__Given entries__:
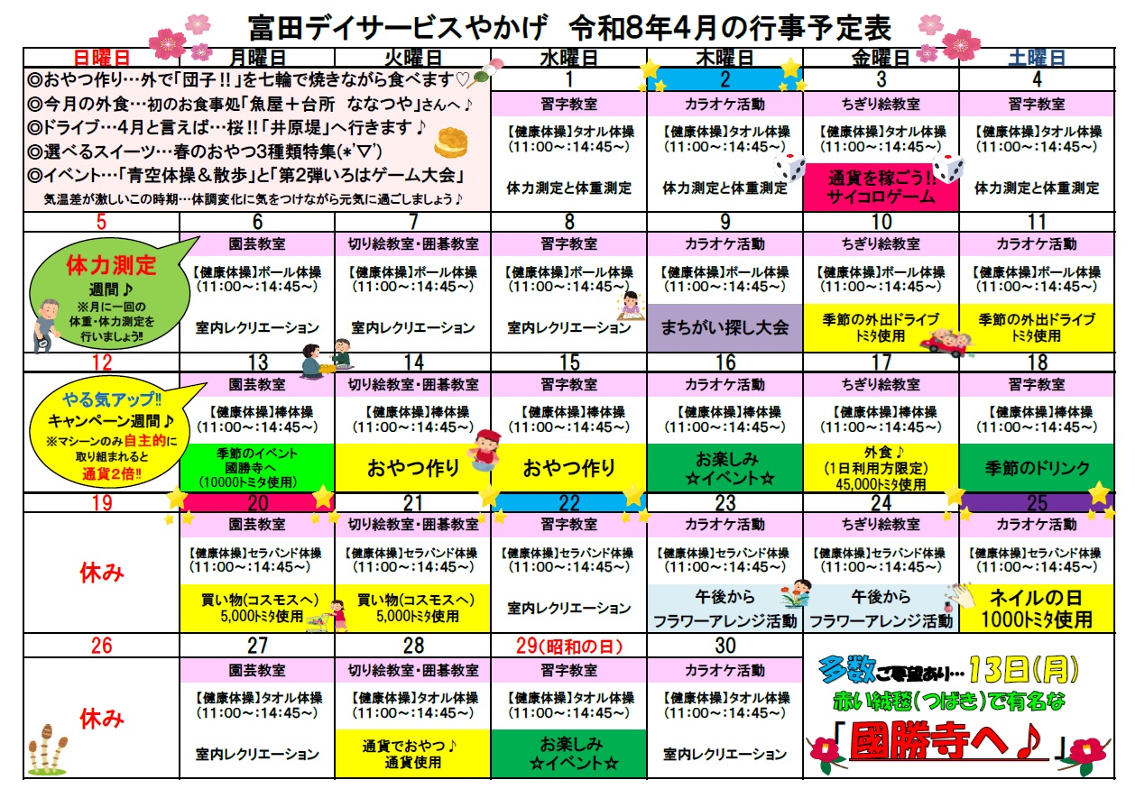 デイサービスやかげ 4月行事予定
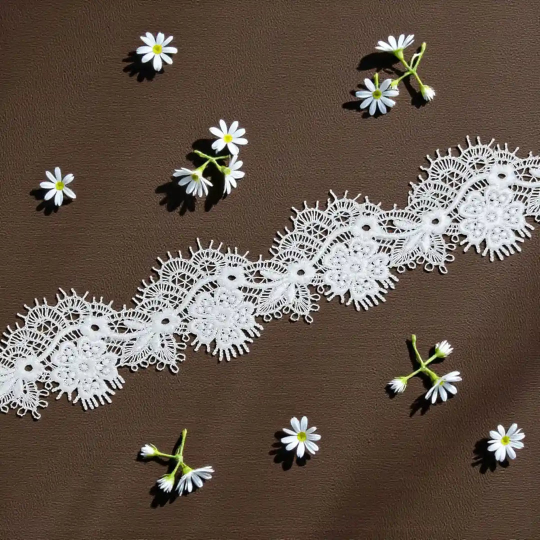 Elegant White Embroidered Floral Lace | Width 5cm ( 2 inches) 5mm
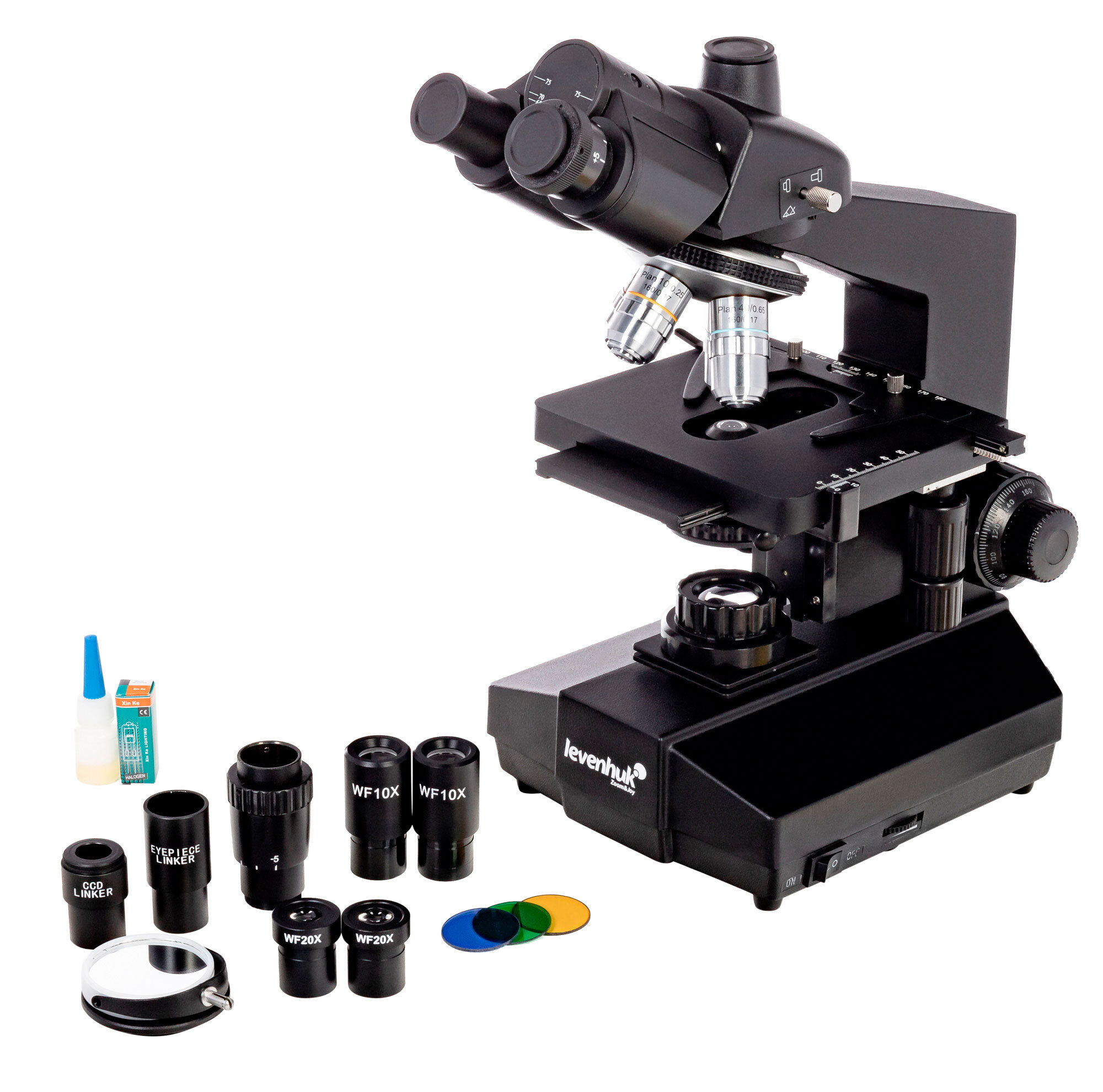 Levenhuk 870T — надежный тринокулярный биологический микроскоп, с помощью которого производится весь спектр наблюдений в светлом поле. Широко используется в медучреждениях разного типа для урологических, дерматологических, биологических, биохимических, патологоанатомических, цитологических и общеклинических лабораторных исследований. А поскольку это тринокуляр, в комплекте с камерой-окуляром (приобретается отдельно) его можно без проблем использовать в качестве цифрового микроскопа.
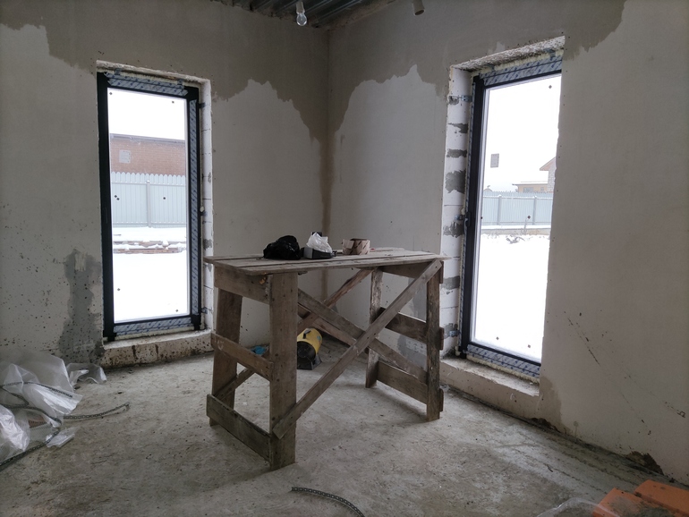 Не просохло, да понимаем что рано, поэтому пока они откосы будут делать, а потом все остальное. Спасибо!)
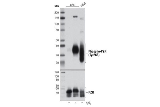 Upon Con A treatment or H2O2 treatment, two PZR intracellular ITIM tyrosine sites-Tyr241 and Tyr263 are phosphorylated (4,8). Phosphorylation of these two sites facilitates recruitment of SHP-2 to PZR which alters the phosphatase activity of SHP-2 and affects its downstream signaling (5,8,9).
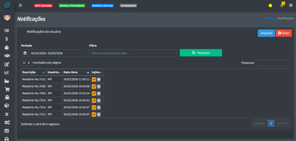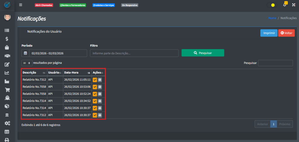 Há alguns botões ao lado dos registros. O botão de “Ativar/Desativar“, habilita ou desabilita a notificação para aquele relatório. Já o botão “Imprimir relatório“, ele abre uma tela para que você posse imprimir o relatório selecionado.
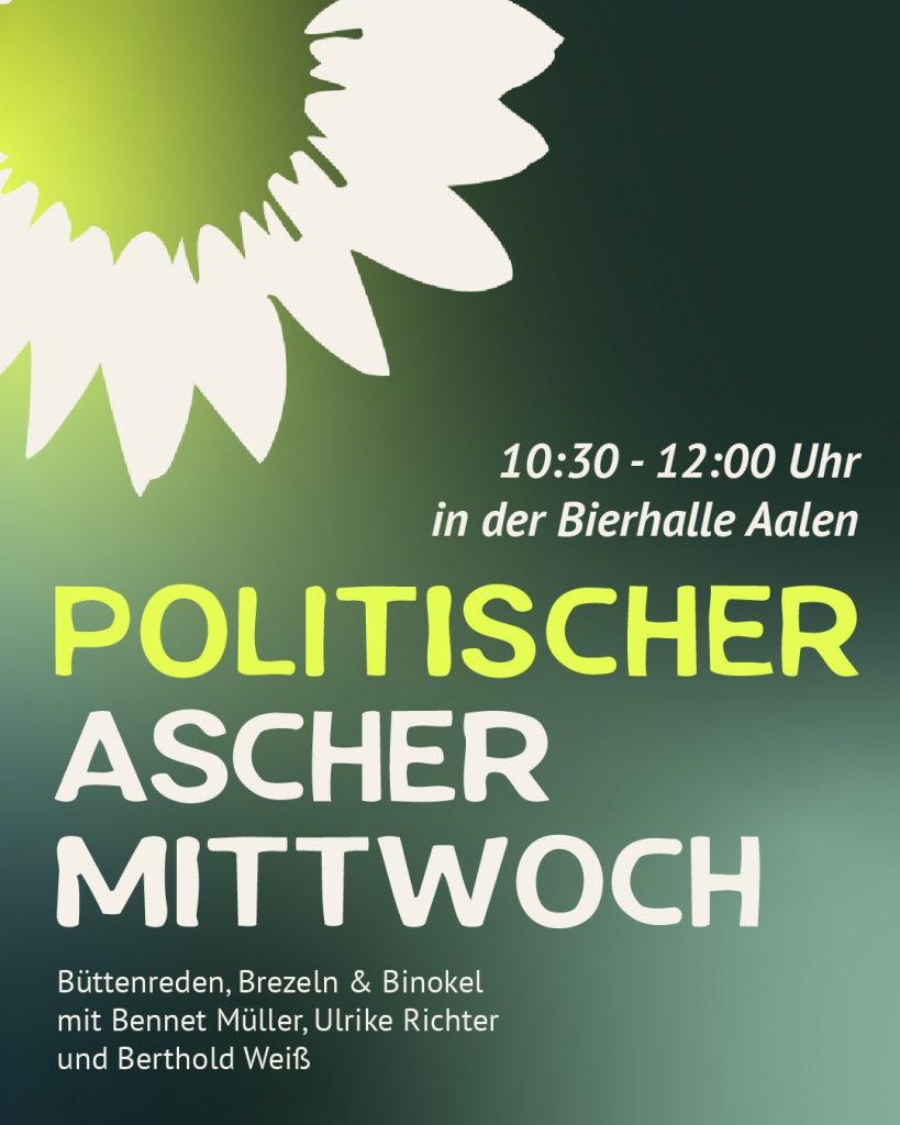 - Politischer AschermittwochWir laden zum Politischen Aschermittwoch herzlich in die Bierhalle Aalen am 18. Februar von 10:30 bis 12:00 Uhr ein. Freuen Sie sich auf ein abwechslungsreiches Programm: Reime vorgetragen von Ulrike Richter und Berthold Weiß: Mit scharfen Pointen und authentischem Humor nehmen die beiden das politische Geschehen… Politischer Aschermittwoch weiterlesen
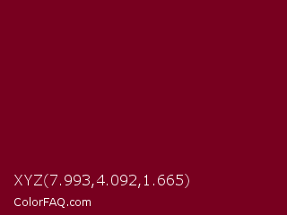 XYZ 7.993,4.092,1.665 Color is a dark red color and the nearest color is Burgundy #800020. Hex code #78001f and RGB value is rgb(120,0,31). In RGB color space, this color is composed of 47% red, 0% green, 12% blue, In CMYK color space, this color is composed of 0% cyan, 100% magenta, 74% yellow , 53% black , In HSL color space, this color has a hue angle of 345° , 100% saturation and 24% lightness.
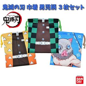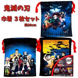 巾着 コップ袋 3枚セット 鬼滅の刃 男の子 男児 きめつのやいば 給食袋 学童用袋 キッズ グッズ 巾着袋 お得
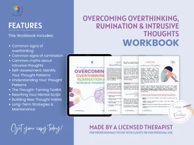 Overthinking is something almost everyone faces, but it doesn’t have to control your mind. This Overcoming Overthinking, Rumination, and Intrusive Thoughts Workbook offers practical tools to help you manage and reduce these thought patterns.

__Task statement__:
From the first line to the last, output the data exactly; skip any pictures.

__Task answer__:
 デイサービスやかげ 4月行事予定
 Elegant White Embroidered Floral Lace | Width 5cm ( 2 inches) 5mm
 Levenhuk 870T — надежный тринокулярный биологический микроскоп, с помощью которого производится весь спектр наблюдений в светлом поле. Широко используется в медучреждениях разного типа для урологических, дерматологических, биологических, биохимических, патологоанатомических, цитологических и общеклинических лабораторных исследований. А поскольку это тринокуляр, в комплекте с камерой-окуляром (приобретается отдельно) его можно без проблем использовать в качестве цифрового микроскопа.
 Не просохло, да понимаем что рано, поэтому пока они откосы будут делать, а потом все остальное. Спасибо!)
 Upon Con A treatment or H2O2 treatment, two PZR intracellular ITIM tyrosine sites-Tyr241 and Tyr263 are phosphorylated (4,8). Phosphorylation of these two sites facilitates recruitment of SHP-2 to PZR which alters the phosphatase activity of SHP-2 and affects its downstream signaling (5,8,9).
 Há alguns botões ao lado dos registros. O botão de “Ativar/Desativar“, habilita ou desabilita a notificação para aquele relatório. Já o botão “Imprimir relatório“, ele abre uma tela para que você posse imprimir o relatório selecionado.
 - Politischer AschermittwochWir laden zum Politischen Aschermittwoch herzlich in die Bierhalle Aalen am 18. Februar von 10:30 bis 12:00 Uhr ein. Freuen Sie sich auf ein abwechslungsreiches Programm: Reime vorgetragen von Ulrike Richter und Berthold Weiß: Mit scharfen Pointen und authentischem Humor nehmen die beiden das politische Geschehen… Politischer Aschermittwoch weiterlesen
 XYZ 7.993,4.092,1.665 Color is a dark red color and the nearest color is Burgundy #800020. Hex code #78001f and RGB value is rgb(120,0,31). In RGB color space, this color is composed of 47% red, 0% green, 12% blue, In CMYK color space, this color is composed of 0% cyan, 100% magenta, 74% yellow , 53% black , In HSL color space, this color has a hue angle of 345° , 100% saturation and 24% lightness.
 巾着 コップ袋 3枚セット 鬼滅の刃 男の子 男児 きめつのやいば 給食袋 学童用袋 キッズ グッズ 巾着袋 お得
 Overthinking is something almost everyone faces, but it doesn’t have to control your mind. This Overcoming Overthinking, Rumination, and Intrusive Thoughts Workbook offers practical tools to help you manage and reduce these thought patterns.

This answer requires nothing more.